Data excerpts
- - -

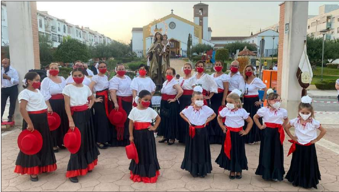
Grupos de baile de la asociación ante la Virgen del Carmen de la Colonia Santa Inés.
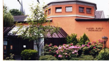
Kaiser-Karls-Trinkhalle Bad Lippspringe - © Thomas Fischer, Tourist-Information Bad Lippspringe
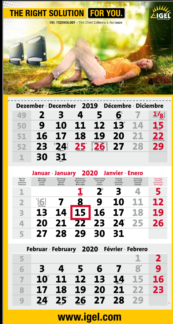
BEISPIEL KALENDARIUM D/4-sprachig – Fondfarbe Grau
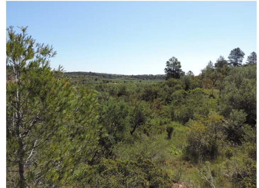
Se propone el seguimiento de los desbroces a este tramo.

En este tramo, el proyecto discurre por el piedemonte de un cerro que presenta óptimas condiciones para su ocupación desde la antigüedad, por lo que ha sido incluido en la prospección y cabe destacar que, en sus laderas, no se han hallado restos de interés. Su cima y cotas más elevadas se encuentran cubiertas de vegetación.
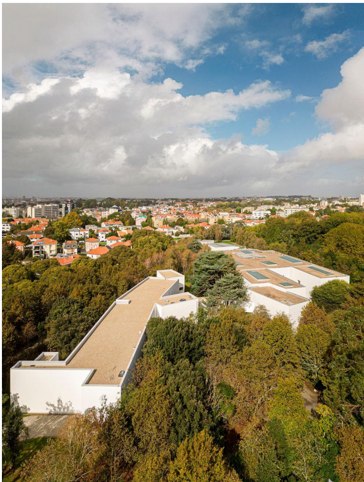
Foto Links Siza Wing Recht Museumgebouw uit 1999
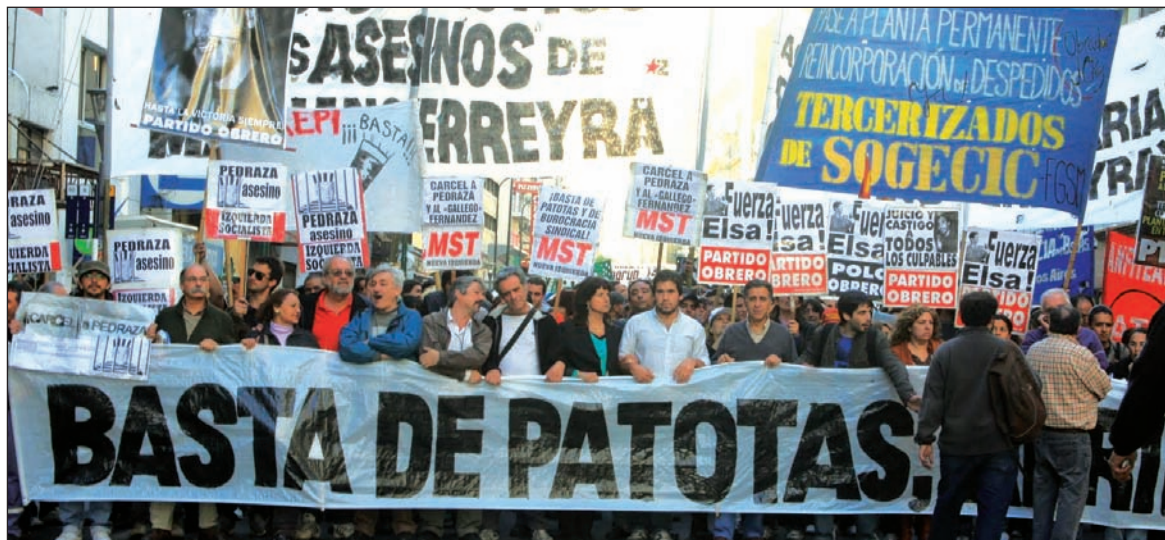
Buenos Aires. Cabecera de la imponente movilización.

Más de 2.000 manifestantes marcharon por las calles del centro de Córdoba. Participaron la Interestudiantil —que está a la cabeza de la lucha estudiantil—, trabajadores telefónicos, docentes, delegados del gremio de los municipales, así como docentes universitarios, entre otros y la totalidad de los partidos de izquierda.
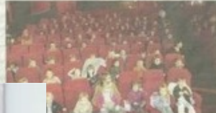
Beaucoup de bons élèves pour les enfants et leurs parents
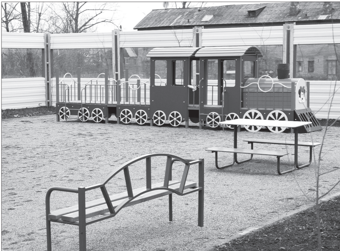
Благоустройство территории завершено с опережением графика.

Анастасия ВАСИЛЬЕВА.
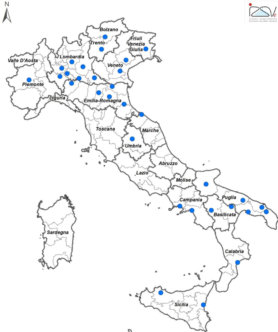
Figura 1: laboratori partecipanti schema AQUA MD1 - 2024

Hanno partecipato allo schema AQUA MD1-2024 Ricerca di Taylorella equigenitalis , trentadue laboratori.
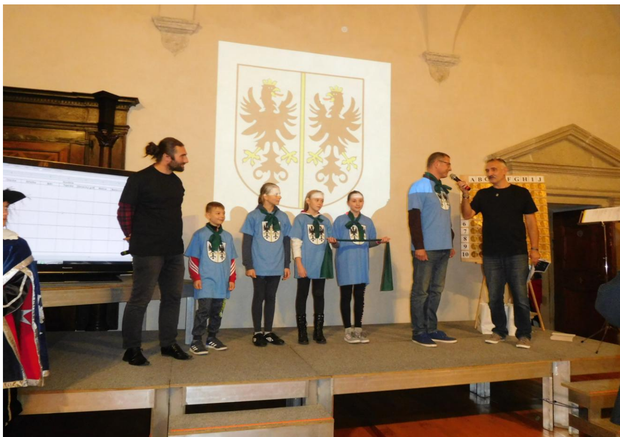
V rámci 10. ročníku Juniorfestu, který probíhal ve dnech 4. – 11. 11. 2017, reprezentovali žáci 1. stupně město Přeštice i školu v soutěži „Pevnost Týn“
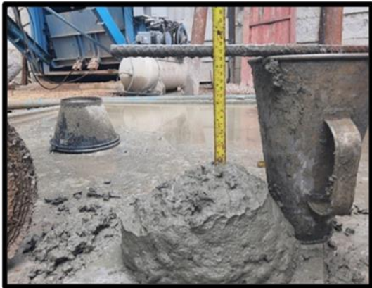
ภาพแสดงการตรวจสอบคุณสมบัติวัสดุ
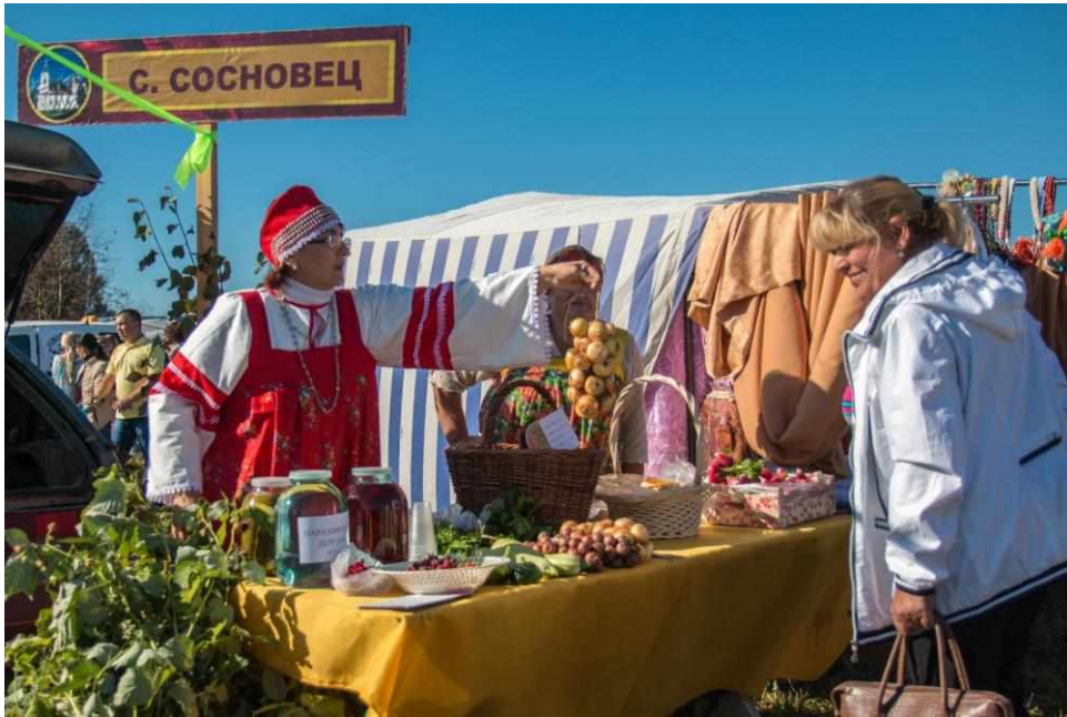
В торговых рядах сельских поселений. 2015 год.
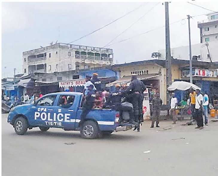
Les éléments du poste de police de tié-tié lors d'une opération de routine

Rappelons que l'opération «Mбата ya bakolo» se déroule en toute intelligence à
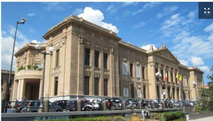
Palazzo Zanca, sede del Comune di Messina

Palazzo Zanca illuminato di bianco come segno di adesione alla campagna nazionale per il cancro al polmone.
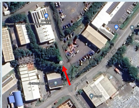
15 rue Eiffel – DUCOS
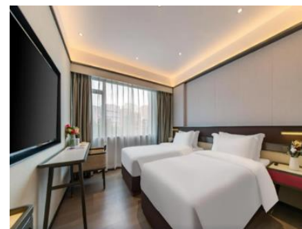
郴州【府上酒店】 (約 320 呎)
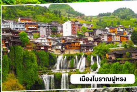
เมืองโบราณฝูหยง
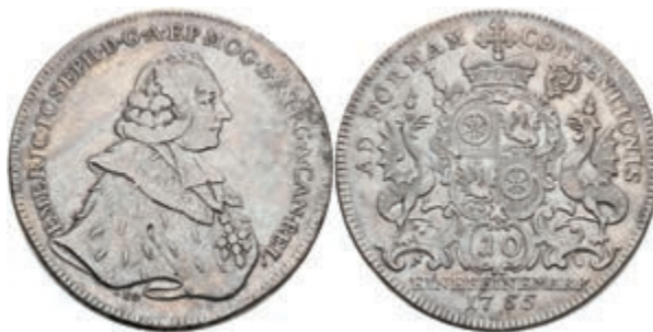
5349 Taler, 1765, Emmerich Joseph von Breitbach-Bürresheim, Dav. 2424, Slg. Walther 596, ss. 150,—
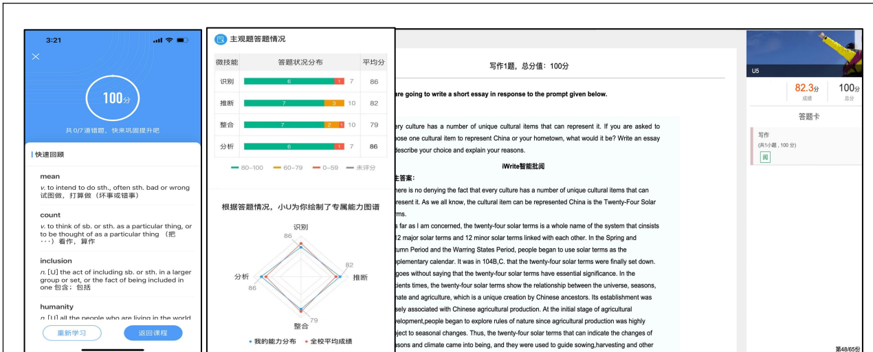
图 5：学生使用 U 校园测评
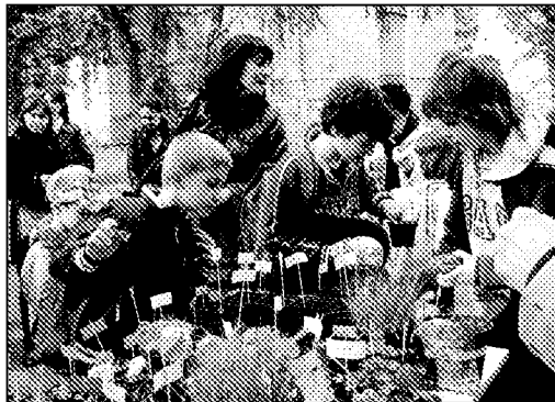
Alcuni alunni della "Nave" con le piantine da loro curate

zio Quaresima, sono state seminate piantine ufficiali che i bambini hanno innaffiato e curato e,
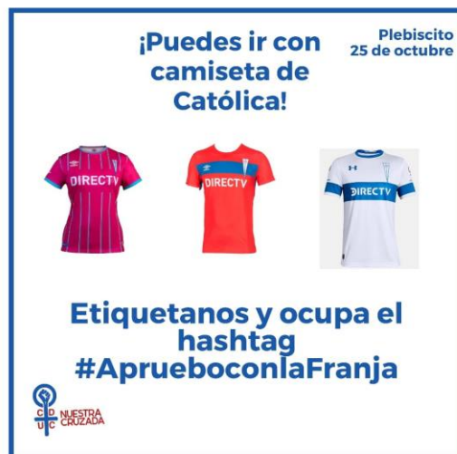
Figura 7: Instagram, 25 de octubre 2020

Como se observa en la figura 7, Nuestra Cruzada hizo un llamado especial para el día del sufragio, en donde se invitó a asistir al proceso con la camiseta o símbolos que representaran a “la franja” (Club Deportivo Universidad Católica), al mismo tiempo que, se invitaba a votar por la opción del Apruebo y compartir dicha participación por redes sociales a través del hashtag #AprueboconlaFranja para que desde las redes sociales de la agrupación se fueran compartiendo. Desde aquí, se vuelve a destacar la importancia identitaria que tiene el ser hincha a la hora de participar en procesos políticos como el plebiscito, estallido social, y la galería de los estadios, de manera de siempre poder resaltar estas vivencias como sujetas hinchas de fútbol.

- - -

#### [Directions]
Wherever the string "opération" occurs in the data, copy the line that holds it.

#### [Output for this task]
Les éléments du poste de police de tié-tié lors d'une opération de routine
Rappelons que l'opération «Mбата ya bakolo» se déroule en toute intelligence à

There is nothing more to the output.